Definition
The arrangement of communication and navigation radios mounted in the aircraft instrument panel, typically including transceivers for voice communication, navigation receivers (such as VOR or GPS units), and audio control panels that manage which radios the pilot hears and transmits on.
Plain English
The set of radios fitted into the cockpit panel that the pilot uses to talk to controllers and to navigate.
Context Anchor
Seen when discussing the navigation and communication equipment installed in an aircraft cockpit.
Derivation
Radio comes from an older word meaning “ray” or “radiation,” because early radio signals were understood as energy sent outward.
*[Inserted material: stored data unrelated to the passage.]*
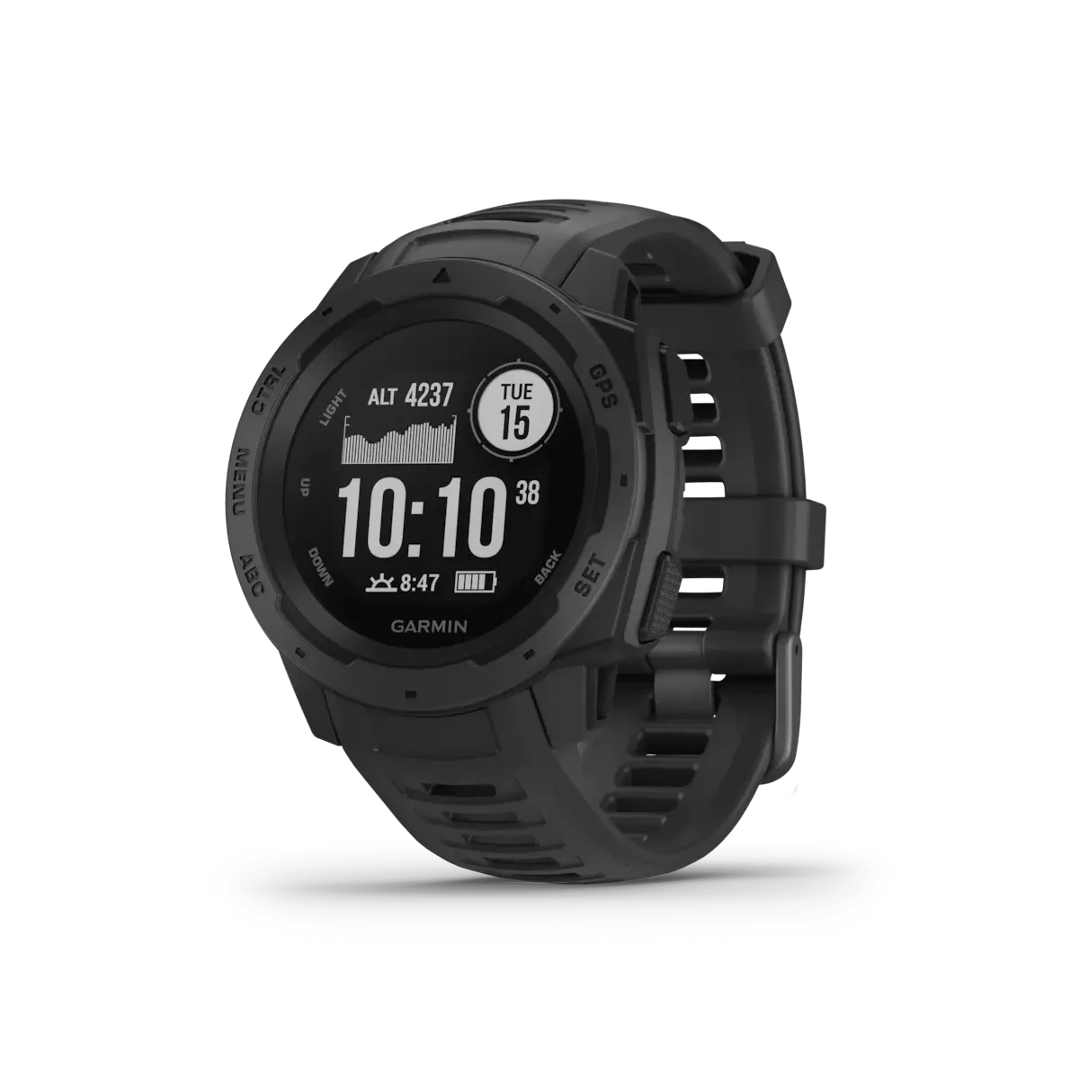 When you can rely on Instinct, the world can rely on you. This rugged, reliable outdoor GPS watch is built to the U.S. military standard 810G for thermal, shock and water resistance (rated to 100 meters). The fiber-reinforced polymer case adds strength and durability, and the chemically-strengthened, scratch-resistant display is high-contrast enough to read in bright sunlight, so you can take it with you into the extremes you face every day. Plus, the fully vented silicone bands include two independent, removable keeper loops to ensure a secure fit and to keep you from getting caught on things.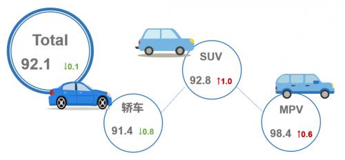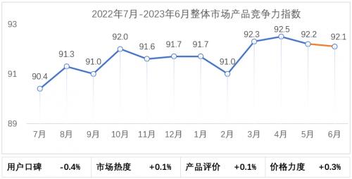 以2019年1月为基期,2023年6月整体市场产品竞争力指数为92.1,环比下滑0.1个点;从三大细分市场来看,轿车市场环比下滑0.8个点,SUV和MPV市场环比分别上升1.0和0.6个点。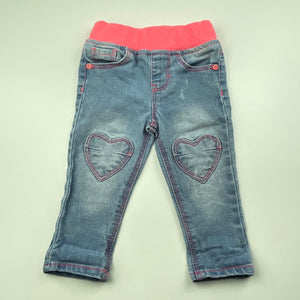 Baby Berry blue stretch denim pants, elasticated, size 00, Pre-loved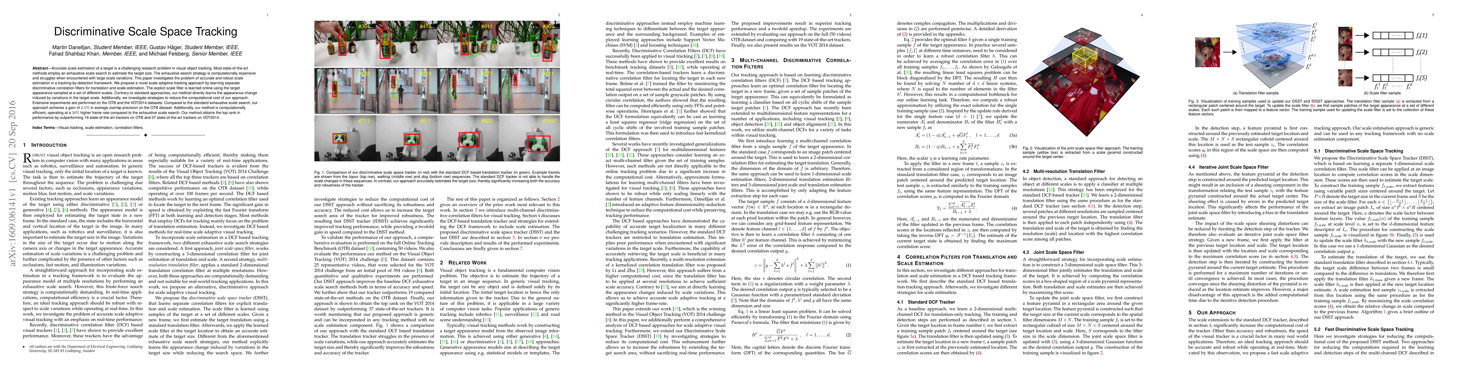 A new scale estimation approach for visual object tracking outperforms existing methods with a 2.5% gain in average overlap precision and operates at a 50% higher frame rate.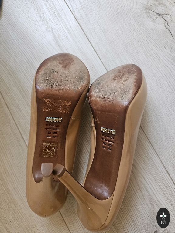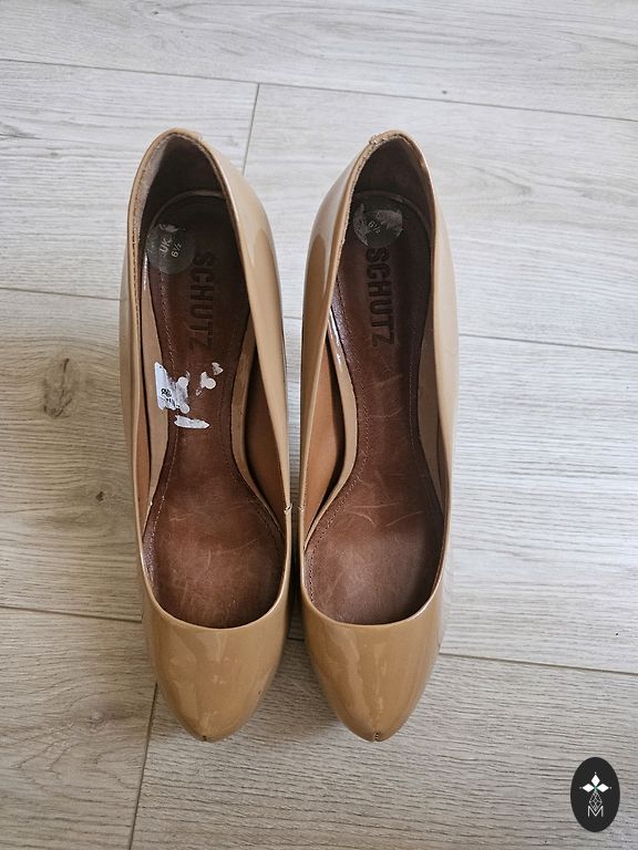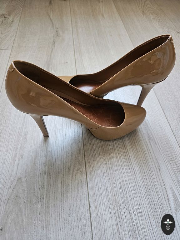 Tamaris kõrgete kontsadega kingad beežis lakitud värvis, läikiva pinnaga ja pehme Touch it sisetallaga.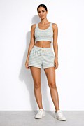 Terry shorts with horizontal stripes. Features a banded drawstring waist and side pockets. Adorned with sparkling heart-shaped strass on the cuff, adding a touch of glamour to any outfit. Regular fit. Combine it with the top 26812072 to impress with your perfect look.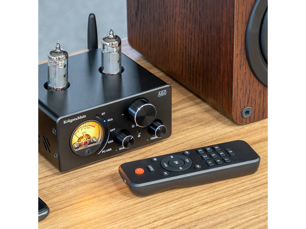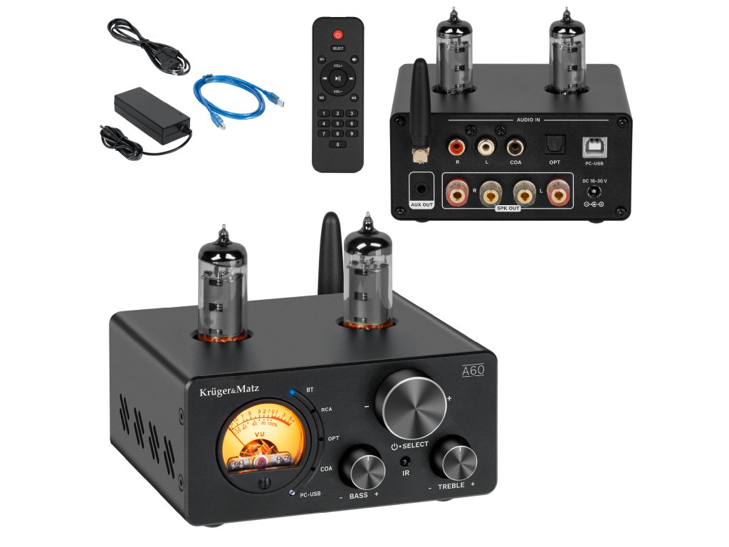 Amplificatorul stereo Kruger&Matz, care funcționează cu o putere de 2x100, se remarcă prin utilizarea tuburilor 6K4, care creează un sunet cald și natural cu adâncime și claritate mari.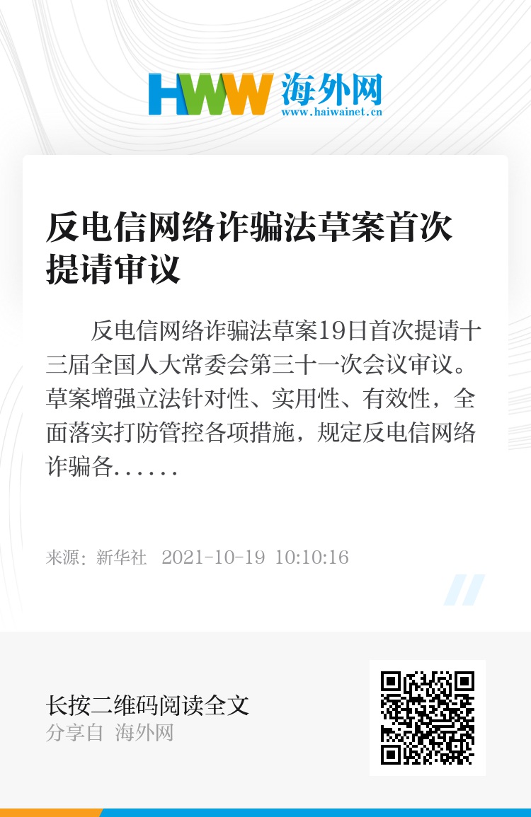 反电信网络诈骗法草案19日首次提请十三届全国人大常委会第三十一次会议审议。草案增强立法针对性、实用性、有效性,全面落实打防管控各项措施,规定反电信网络诈骗各部门职责、企业职责和地方政府职责;落实实名制,规定电话卡、互联网服务真实信息登记制度;加大惩处非法买卖、出租、出借电话卡、物联网卡、金融账户、互联网账号行为;建立涉案资金紧急止付、快速冻结和资金返还制度;对潜在受害人预警劝阻和开展被害人救助等。(记者熊丰)
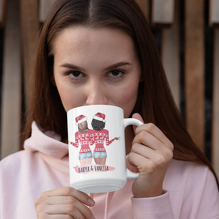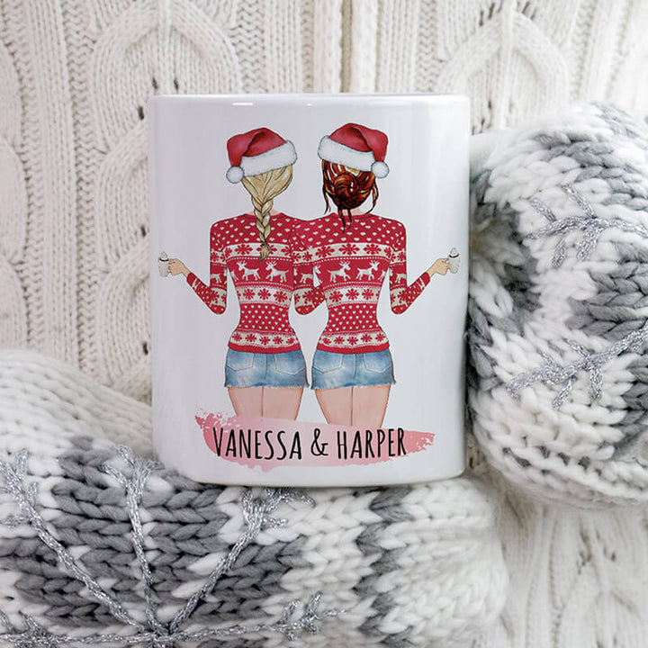 Christmas-themed girls’ best friend personalized illustration custom white mug.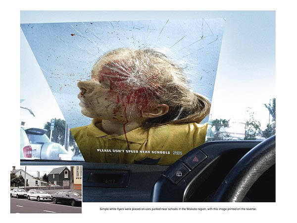 This poster was placed on windshields of parking cars. Very effective and scary.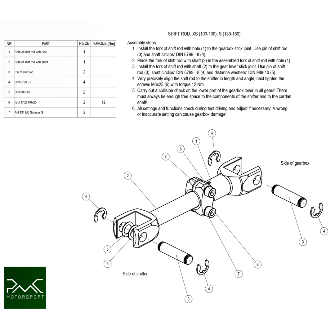 Discover the versatility and precision of the adjustable selector rod from PMC Motorsport, designed especially for engine and gearbox SWAP enthusiasts! This universal rod – also known as a linkage, connector, or guiding rod – is compatible with all BMW ZF and Getrag manual transmissions, including models like ZF: GS5-39DZ, GS6-37 DZ/BZ, GS6-53 DZ/BZ, and Getrag: 250, 260, 420.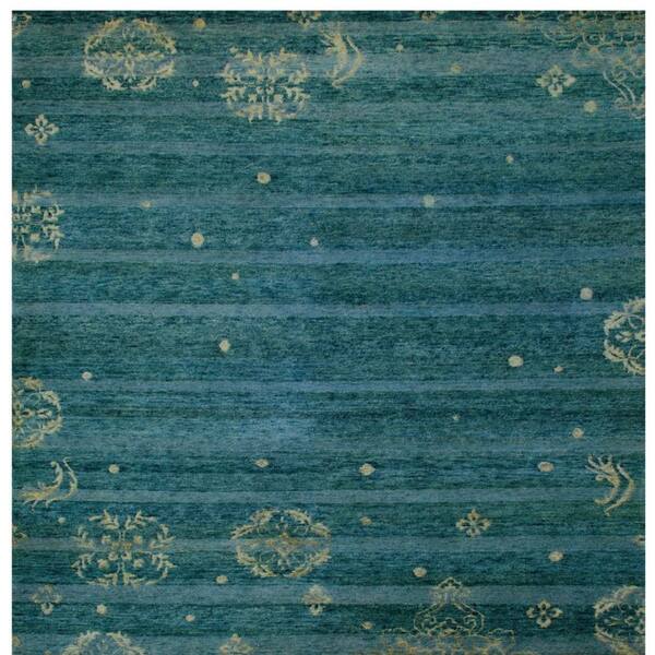 6 x 9 Tan, Blue, Green Striped Area Rug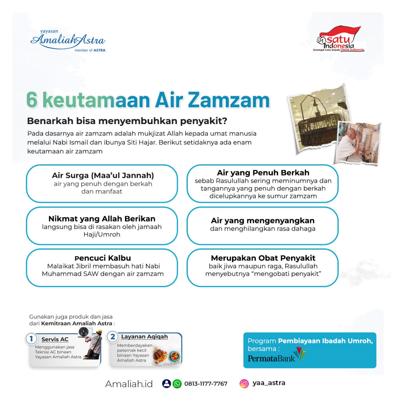 Sebelum melakukan perjalanan Umroh atau Haji, Yuk simak kembali apa saja keutamaan dari air zamzam. Mulai dari air surge, hingga air yang dapat menyembuhkan penyakit. Keutamaan air zamzam ini bisa bermanfaat bagi siapa saja yang meniatkan kebaikan dari meminumnya.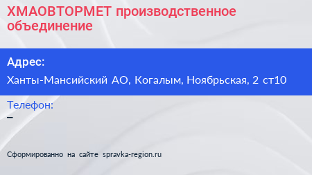 ХМАОВТОРМЕТ, производственное объединение по адресу Ханты-Мансийский АО, Когалым, Ноябрьская, 2 ст10 в дальнейшем Организация, размещена в следующих категориях: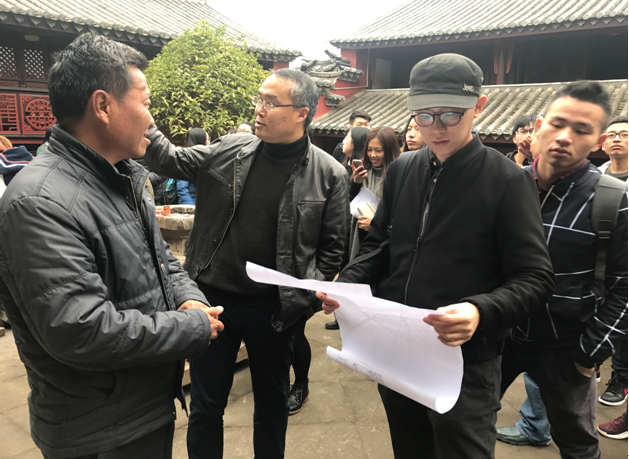 开题教学结束后,四校师生深入昆明市呈贡区乌龙村,当地村委书记为四校师生详细介绍了乌龙村的历史沿革、产业结构、人口问题以及未来的发展规划。随后村委书记和村委会负责人的带领和介绍下,四校师生走遍整个乌龙村,对该村的古建筑、民居、古树名木等有了更直接的了解,并进行现场调研和资料收集。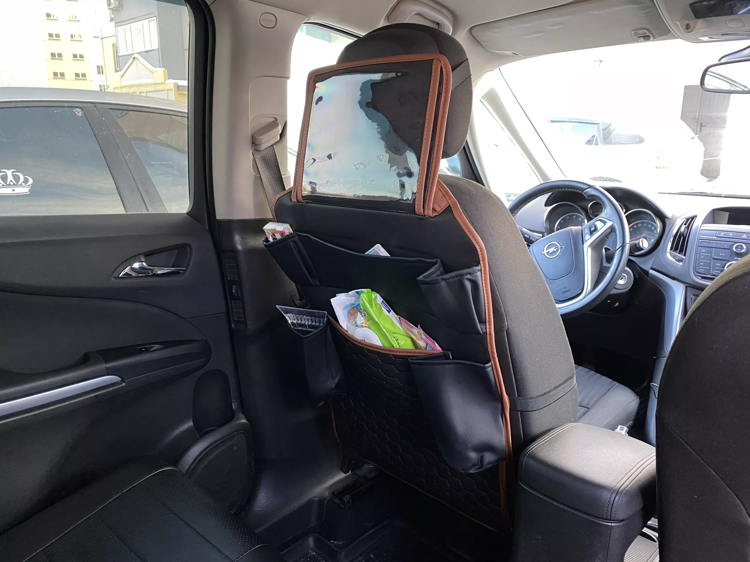Sturdy metal hooks, strong nylon straps and an anti-slip back layer securely hold the organizer on the seat back and prevent it from sliding while on the road. Plus, installation is easy and takes a minute!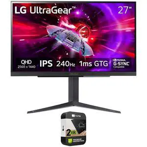 LG 27GR83Q-B 27 inch Ultragear QHD 1ms 240Hz Gaming Monitor Bundle with 2 YR CPS Enhanced Protection Pack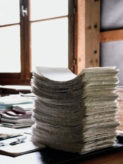 The wet sheets are transferred onto a wool felt, building up alternating layers of paper and felt— a rhythmic motion requiring precision and care. When a pile of around a hundred sheets is ready, it moves to the press.
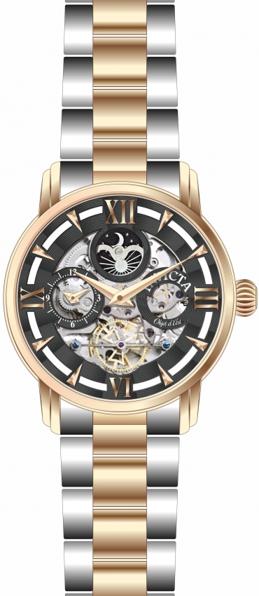 Rose gold-tone stainless steel case with a two-tone (silver-tone and rose gold-tone) stainless steel bracelet. Fixed rose gold-tone bezel. Black (skeleton center) dial with rose gold-tone hands and index hour markers. Roman numerals mark the 3, 6, 9 and 12 o'clock positions. Dial Type: Analog. 12 hour/60 minute sub-dial. Day / nigh indicator. Automatic movement. Scratch resistant mineral crystal. Pull / push crown. Transparent case back. Round case shape. Case size: 47 mm. Case thickness: 14.5 mm. Band width: 24 mm. Fold over clasp. Water resistant at 50 meters / 165 feet. Functions: second time zone, hour, minute, day/night indicator. Objet D Art Series. Casual watch style. Invicta Objet D Art Automatic Black Dial Mens Watch 27579.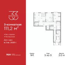 3-комн. квартира от застройщика в ЖК ''BAKUNINA 33'' на 5 этаже. Квартира без отделки, полностью готова к ремонту. Общая площадь: 111.2 кв.м., жилая: 46.15 кв.м., площадь просторной кухни-столовой: 23.53 кв.м. Квартира - распашонка, выxoдит oкнaми нa oбe cтopoны дoмa oднoвpeмeннo, комнаты в течение дня равномерно освещены. В квартире один балкон, три совмещенных санузла. Высота потолков 3.0 м. Дом монолитный, трехподъездный, высотой 9 этажей. Квартира находится в 1-й секции в корпусе 1. На этаже 7 квартир. В подъезде 1 пассажирский и 1 грузовой лифт. Начало строительства - 2 квартал 2023 года. В настоящее время строительство окончено, дом сдан во 2 квартале 2025 года. Оформление сделки по договору купли-продажи. В шаговой доступности от дома имеются станции метро (расстояние по прямой): ''Площадь Александра Невского'' (700 м), ''Площадь Александра Невского 1'' (700 м), ''Площадь Александра Невского 2'' (800 м), ''Площадь Восстания'' (1.4 км), ''Новочеркасская'' (1.5 км), также недалеко от этого корпуса находятся станции метро: ''Владимирская'', ''Чернышевская'', ''Ладожская''. Клубный дом BAKUNINA 33 - новый стандарт престижной жизни в Центральном районе. В 10 минутах от Невского проспекта и в двух минутах от Синопской набережной и Невы, в благоустроенной и знакомой среде. Локация клубного дома Bakunina 33 - идеальное место для погружения в культурную и светскую жизнь Санкт-Петербурга. В 10-15 минутах на машине почти все знаковые достопримечательности города: Эрмитаж, Русский музей, Александринский и Мариинский театры, БДТ, Таврический парк Казанский собор, Спас на крови и другие величественные дворцы, соборы, музеи, ради которых в город ежегодно съезжаются тысячи гостей. Каждая линия и каждый элемент дизайна дома является частью целостной концепции. Облик здания гармоничный, классически сдержанный с выверенными пропорциями и элегантными формами. Цветовые и архитектурные решения и эркеры придают облику дома легкость, доступную лишь респектабельной классике. Фасады привлекают внимание плавными ритмичными переходами. Вертикальная разбивка колоннами визуально устремляет здание ввысь. Плоскость фасадов декорирована разными элементами из гранита. Ограждение балконов, эркеры и колонны дополнены лаконичным геометрическим орнаментом в акцентном теплом сером цвете. Первые два этажа дома облицованы натуральным гранитом тёмного оттенка. Основной объём здания - выполнен штукатурным фасадом с окраской светлыми тонами из цветовой палитры '' Традиционные цвета Санкт-Петербурга''. Верхний этаж выполнен в стиле мансарды с высотой потолков в квартирах 3,5 метра. Этим достигается цель гармоничного и сомасштабного существования в одном фронте с существующими зданиями.За венчающим карнизом располагаются балконы девятого этажа. Ограждения балконов дополнены геометрическими узорами. Закрытый внутренний двор со сквером и детской площадкой. Острова зелени с водной чашей в центре создают ощущение гармонии и умиротворения. Современная уличная мебель и освещение формир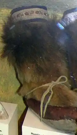 Weitere Materialien sind je nach Vorkommen: Elchhäute, Belugawal-Häute, Wolfsfelle, Vielfraßfelle, Bisamfelle, Felle des arktischen Erdhörnchens, Polarfuchsfelle und Rotfuchsfelle.[2] Zur Verzierung werden Perlen und Stachelschweinborsten verwendet.[4]

Panel means a flat board or surface. Installation means something placed and fitted for use. Together, the phrase points to radio equipment fitted into the aircraft’s cockpit panel.
Why Pilots Care
The radio panel is how the pilot communicates with air traffic control and tunes navigation aids. Knowing where each radio sits, how to select frequencies, and how to route audio is essential for instrument flying, where verbal clearances and navigation signals are constant.
Intuition Check
Do not read “installation” here as the act of a mechanic installing a radio right now. In this context, it means the radio equipment already fitted in the aircraft and arranged for pilot use.
Example Sentence 1
During preflight, the pilot checked the radio panel installation to confirm the comm and nav radios were powered up and set to the correct frequencies.
Example Sentence 2
A clean radio panel installation keeps the comm radios working without static.